Excerpts from a dataset
▬▬▬▬▬▬

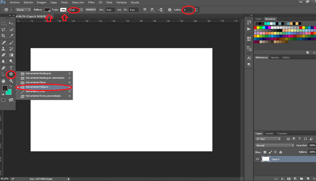 En las herramienta de un lado, seleccionaremos de figuras, clickeamos con el segundo click(derecho)y saldrán otras figuras, seleccionaremos *herramienta polígono, luego nos fijaremos que en Relleno tenga el color(de su preferencia)negro, y Trazo(de su preferencia)blanco,tamaño numero 13 y en un costado donde dice Ladocolocares el numero 3.
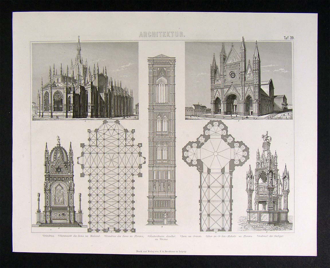 1874 Architecture Print Milan Orvieto Cahtedral Verona
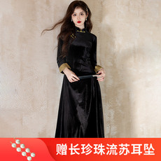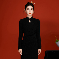 年会气质走秀长款旗袍女新款复古中国风长袖日常改良连衣裙黑色
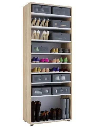 Vandol I Schuhschrank 9 Fächer, Dekor Sonoma-Eiche ist ein Schuhschrank in Farbe, der sowohl Stil als auch Funktionalität in Ihr Zuhause bringt. Vandol I Schuhschrank 9 Fächer, Dekor Sonoma-Eiche. Dieses Produkt wurde mit viel Liebe zum Detail hergestellt, was sowohl Ästhetik als auch hohe Haltbarkeit gewährleistet. Bei der Gestaltung wurde sowohl auf Funktionalität als auch auf Stil geachtet, was es zur perfekten Wahl für jeden Raum in Ihrem Zuhause macht. Die verwendeten Materialien sind von hoher Qualität, was dem Produkt eine lange Lebensdauer verleiht und dafür sorgt, dass es dem täglichen Gebrauch standhält. Ob zur Aufbewahrung oder als dekorative Ergänzung, dieses Produkt wertet Ihre Einrichtung auf und bringt zusätzlichen Komfort und Eleganz in Ihr Zuhause.
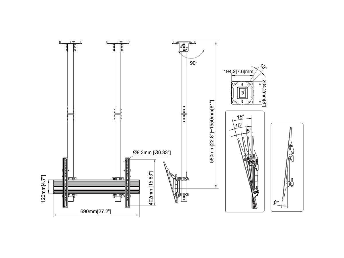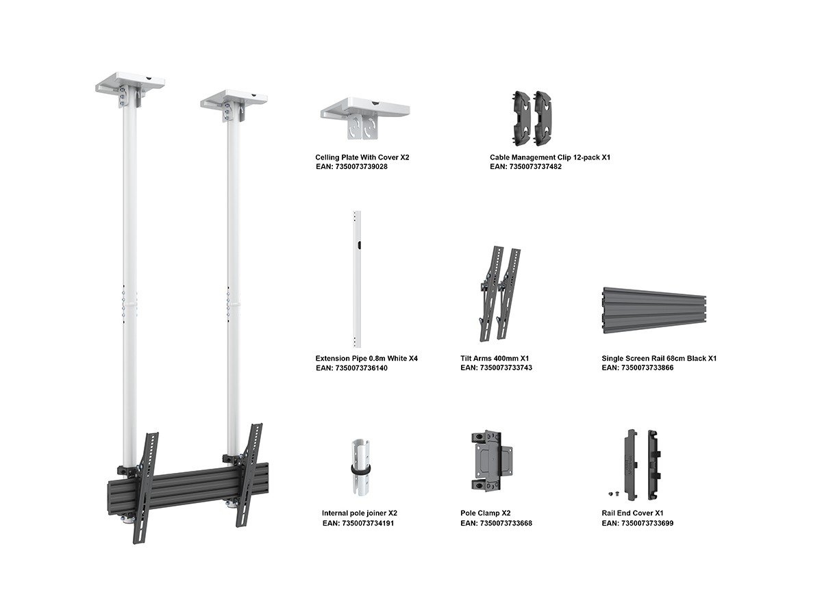 Product code:M Ceiling Mount Pro MBC1USD 600 White - Ceiling mount for LCD display, steel, 1.5m length, 1 screen, single side, tilt arms, VESA Max 600x400 - screen size: 40"-100" - white

▬▬▬▬▬▬

Could you print all of the entries exactly, skipping the images?

• _Final answer_
 En las herramienta de un lado, seleccionaremos de figuras, clickeamos con el segundo click(derecho)y saldrán otras figuras, seleccionaremos *herramienta polígono, luego nos fijaremos que en Relleno tenga el color(de su preferencia)negro, y Trazo(de su preferencia)blanco,tamaño numero 13 y en un costado donde dice Ladocolocares el numero 3.
 1874 Architecture Print Milan Orvieto Cahtedral Verona
 年会气质走秀长款旗袍女新款复古中国风长袖日常改良连衣裙黑色
 Vandol I Schuhschrank 9 Fächer, Dekor Sonoma-Eiche ist ein Schuhschrank in Farbe, der sowohl Stil als auch Funktionalität in Ihr Zuhause bringt. Vandol I Schuhschrank 9 Fächer, Dekor Sonoma-Eiche. Dieses Produkt wurde mit viel Liebe zum Detail hergestellt, was sowohl Ästhetik als auch hohe Haltbarkeit gewährleistet. Bei der Gestaltung wurde sowohl auf Funktionalität als auch auf Stil geachtet, was es zur perfekten Wahl für jeden Raum in Ihrem Zuhause macht. Die verwendeten Materialien sind von hoher Qualität, was dem Produkt eine lange Lebensdauer verleiht und dafür sorgt, dass es dem täglichen Gebrauch standhält. Ob zur Aufbewahrung oder als dekorative Ergänzung, dieses Produkt wertet Ihre Einrichtung auf und bringt zusätzlichen Komfort und Eleganz in Ihr Zuhause.
 Product code:M Ceiling Mount Pro MBC1USD 600 White - Ceiling mount for LCD display, steel, 1.5m length, 1 screen, single side, tilt arms, VESA Max 600x400 - screen size: 40"-100" - white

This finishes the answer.